Its possible, i saw it somewhere, if that is what you mean.

That will work, with two separate 555s, but the original poster might want to use the 556 for the real thing.

Apply the 10 ms to the 40 kHz's RST pin?

Yes. That is the best way to enable/disable an astable 555 timer circuit.

I'm trying to design a burst generator with two 555 timers. The first timer will generate a 40khz square wave, this is working fine. I was planning to use a second 555 to control the control voltage of the first 555. So i can have a perdiod (say 10ms) with 40khz square wave as an output. The other half of the period the signal should be zero. For some reason it looks like my CV is oscillating. The only solution i could come up with was a 1 ohm resistor between the control voltage and ground. This doesn't looks good to me. I cant figure out why the CV is oscillating. Any suggestions?

That will not work.

Altering the control voltage pin affects the duty cycle and frequency of the astable. It doesn't just enable/disable it. It's good if you want the output to switch, or sweep between two frequencies. I made a nice sounding alarm with two 555 timers for a school project, many years ago.

Use the reset pin to enable/disable the astable, as mentioned above.

Note that, unless you're using the CMOS 555, your circuit will not produce a 50% 40kHz duty cycle square wave, as shown by the simulator. In reality, it will have a slightly lower frequency and higher duty cycle, as the 555 time model included with LTSpice doesn't accurately simulate the output stage. It assumes it can swing all the way to both power supplies, when in reality, it falls short of the positive supply by around 1.2V. If you're using the LM/NE555 then a low value pull-up to the discharge pin, will give better results than connecting the timing resistor to the output pin.

Another thing is there's no point in using precision resistor values such as 7412 and 1786, because the tolerance of the capacitors will be 5% or worse.
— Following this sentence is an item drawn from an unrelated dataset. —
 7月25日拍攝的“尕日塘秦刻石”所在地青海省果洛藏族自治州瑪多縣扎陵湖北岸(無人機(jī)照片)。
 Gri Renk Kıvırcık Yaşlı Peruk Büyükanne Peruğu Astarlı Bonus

Here's a revised schematic, with practical component values and drawn in an easy to read manner. You'll need to add a 1µF capacitor across the power rails, in the real circuit, to provide supply decoupling. 100nF is not enough for the 555 timer.

[Terry Bites]

The reset pin can be driven by the LF oscillator- that should work but you may find similar probelms if its power related.
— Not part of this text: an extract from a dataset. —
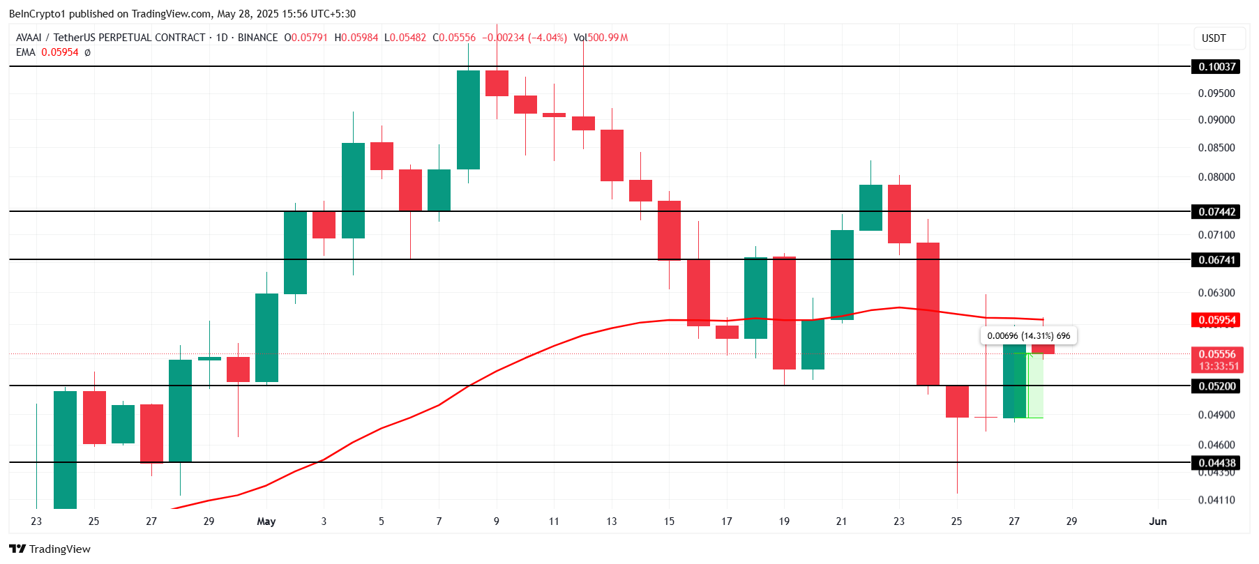 Pero, ang 50-day EMA ay nagsisilbing resistance ngayon, na nagpapakita ng short-term na bearish pressure. Kung babagsak ang AVA sa ilalim ng $0.052 support, pwede itong bumaba hanggang $0.044, na mag-i-invalidate sa bullish outlook at nagsa-suggest ng mas malaking downside risk para sa mga trader.

If this is caused by Vcc rail noise feeding through the CV input, try a 10R resistor with decoupling on both sides to separate the two Vcc's. Or try 7555s. You could let both 555s free run and feed the two outputs into an and or nand gate. You can use mickey mouse logic if you like:


You can build your gated oscillator from CMOS logic eg 4011. A CD4093 will work the same way but with less drift (but with a bit more supply current) and if you want some cool latching action see this brilliant use of XOR CD4070.
If you need precise 50% DS, then a T type FF can to be driven from 2f on both low and high frequency oscs.

[Zero999]

Here's a 555 timer circuit which gives 40kHz, with a duty cycle very close to 50%, using a bog standard NE555. It uses less power than the other circuits, as there isn't low value pull-up between the discharge and +V.

For about 100Hz, use R1 = 51k, R2 = 120k & C1 = 56nF.

The reset pin can be used to enable/disable it, as per my previous schematic.

[Jan Audio]

556 is asking for trouble.
2 x 555 is better, then they each have a seperate 100n and no problems.

[Zero999]

556 is asking for trouble.
2 x 555 is better, then they each have a seperate 100n and no problems.

Why is that an issue? Just use a larger capacitor. Note the plain old bipolar 555 timers need a larger decoupling capacitor than 100nF. I'd recommend 1µF minimum.

The only reason I can think of for using two separate 555 timers, rather than the 556, is two devices can dissipate more power, so can be both used to the full output current of 200mA. The only other reason to use two 555s is if that's all you have available.